:: Given information ::
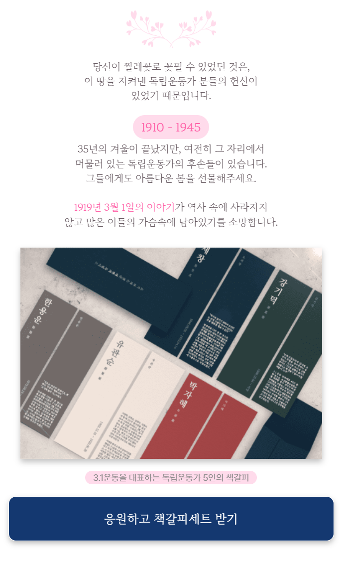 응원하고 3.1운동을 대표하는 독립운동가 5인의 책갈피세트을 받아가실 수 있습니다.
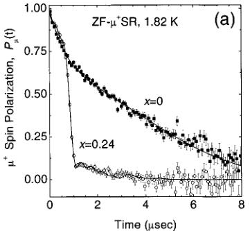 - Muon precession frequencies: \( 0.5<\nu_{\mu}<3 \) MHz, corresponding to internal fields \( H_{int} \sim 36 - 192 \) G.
* * *
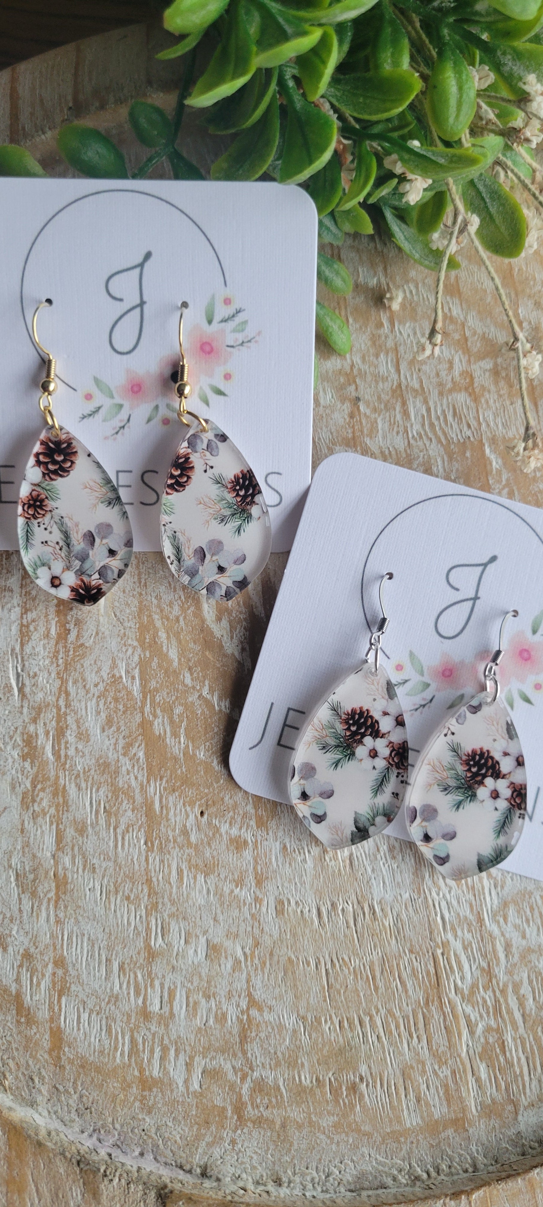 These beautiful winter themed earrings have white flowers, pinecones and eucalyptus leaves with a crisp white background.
==
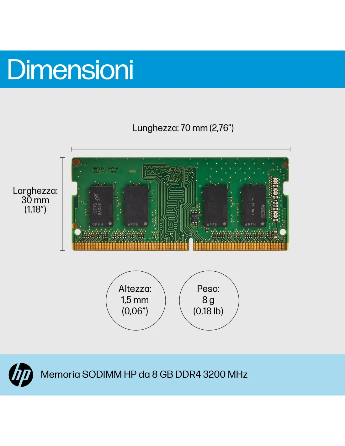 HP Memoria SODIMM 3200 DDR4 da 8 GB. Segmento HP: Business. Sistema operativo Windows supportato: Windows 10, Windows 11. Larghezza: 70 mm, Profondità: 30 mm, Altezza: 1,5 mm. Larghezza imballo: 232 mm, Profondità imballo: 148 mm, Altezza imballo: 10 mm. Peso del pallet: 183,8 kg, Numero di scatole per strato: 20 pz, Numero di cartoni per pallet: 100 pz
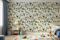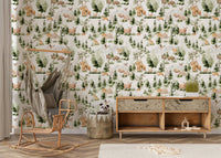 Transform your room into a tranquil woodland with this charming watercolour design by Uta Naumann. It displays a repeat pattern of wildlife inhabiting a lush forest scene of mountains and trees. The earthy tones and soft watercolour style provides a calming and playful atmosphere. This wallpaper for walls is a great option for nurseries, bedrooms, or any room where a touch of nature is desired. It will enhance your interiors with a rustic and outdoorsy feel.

:: The problem ::
Pictures in the material above should be skipped; print exactly the lines from the one with "응원하고 3.1운동을 대표하는" through the one with "- Muon precession".

:: Finished exercise ::
 응원하고 3.1운동을 대표하는 독립운동가 5인의 책갈피세트을 받아가실 수 있습니다.
 - Muon precession frequencies: \( 0.5<\nu_{\mu}<3 \) MHz, corresponding to internal fields \( H_{int} \sim 36 - 192 \) G.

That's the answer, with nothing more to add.